* TO DO: Set the data below down again, exactly, with every picture left out.

* INFORMATION PROVIDED:
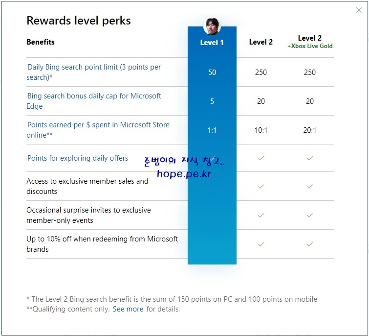 참고로 Level 2의 Bing 검색 혜택은 PC 150포인트 + 모바일 100포인트 입니다. PC뿐 아니라 모바일에서도 열심히 검색을 해야겠네요;;
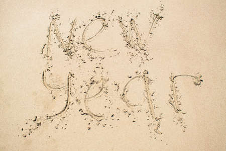 Inscription New year on sand. Nature background
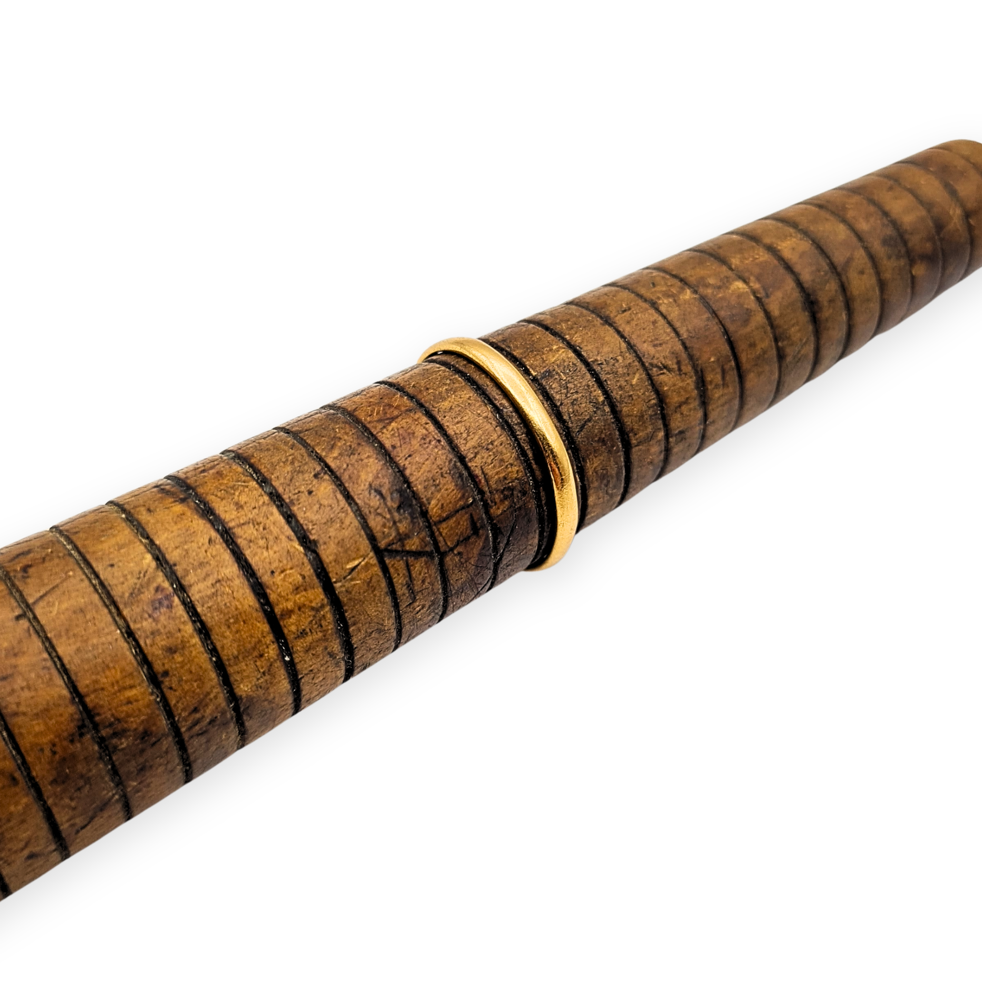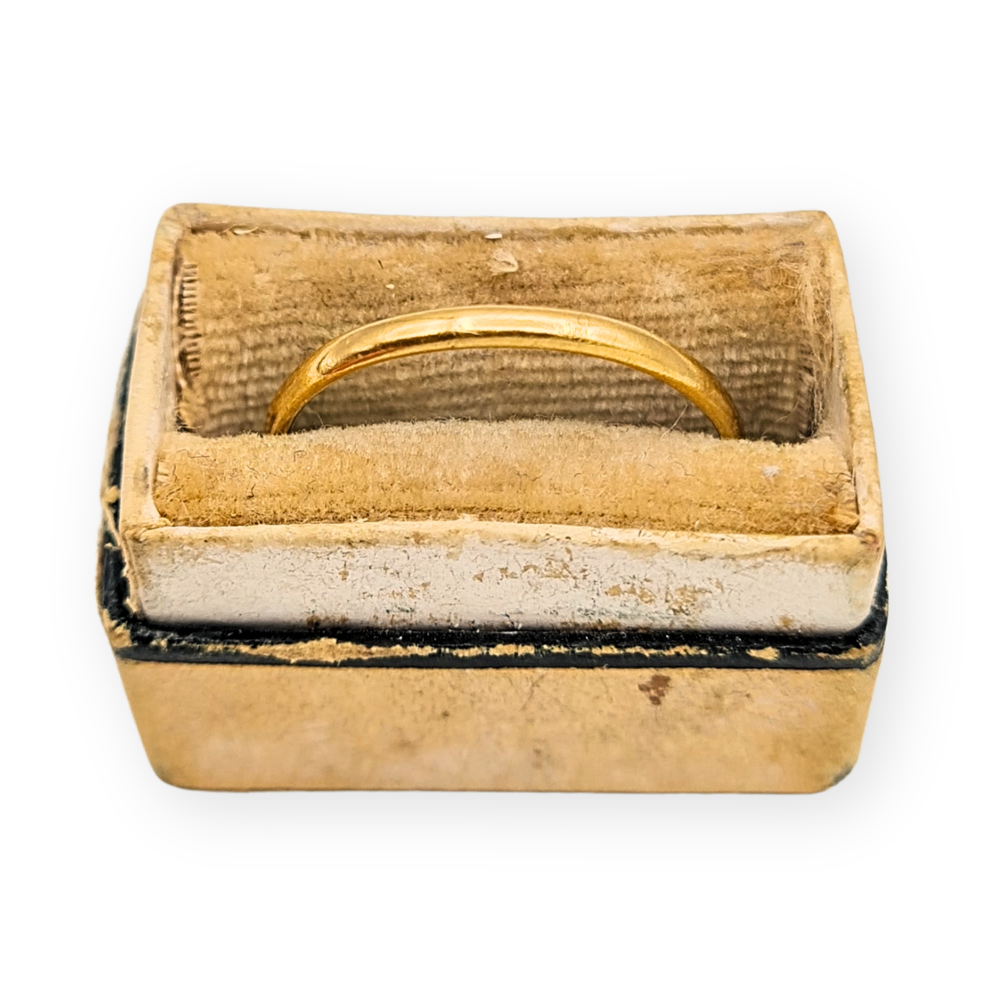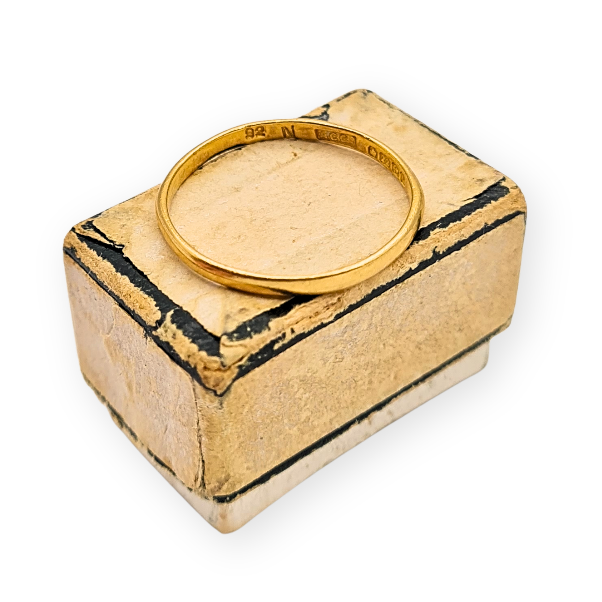 Hallmarked in Birmingham and dated 1940, this elegant 22ct gold ladies wedding band has a rich buttery tone and classic vintage charm. Measuring 2mm wide and weighing 1.2g, it’s dainty yet timeless — ideal as a wedding or stacking ring. Light surface marks reflect its age, and it’s been professionally cleaned and polished to restore its lovely lustre.

* SOLUTION TO THE PROBLEM:
 참고로 Level 2의 Bing 검색 혜택은 PC 150포인트 + 모바일 100포인트 입니다. PC뿐 아니라 모바일에서도 열심히 검색을 해야겠네요;;
 Inscription New year on sand. Nature background
 Hallmarked in Birmingham and dated 1940, this elegant 22ct gold ladies wedding band has a rich buttery tone and classic vintage charm. Measuring 2mm wide and weighing 1.2g, it’s dainty yet timeless — ideal as a wedding or stacking ring. Light surface marks reflect its age, and it’s been professionally cleaned and polished to restore its lovely lustre.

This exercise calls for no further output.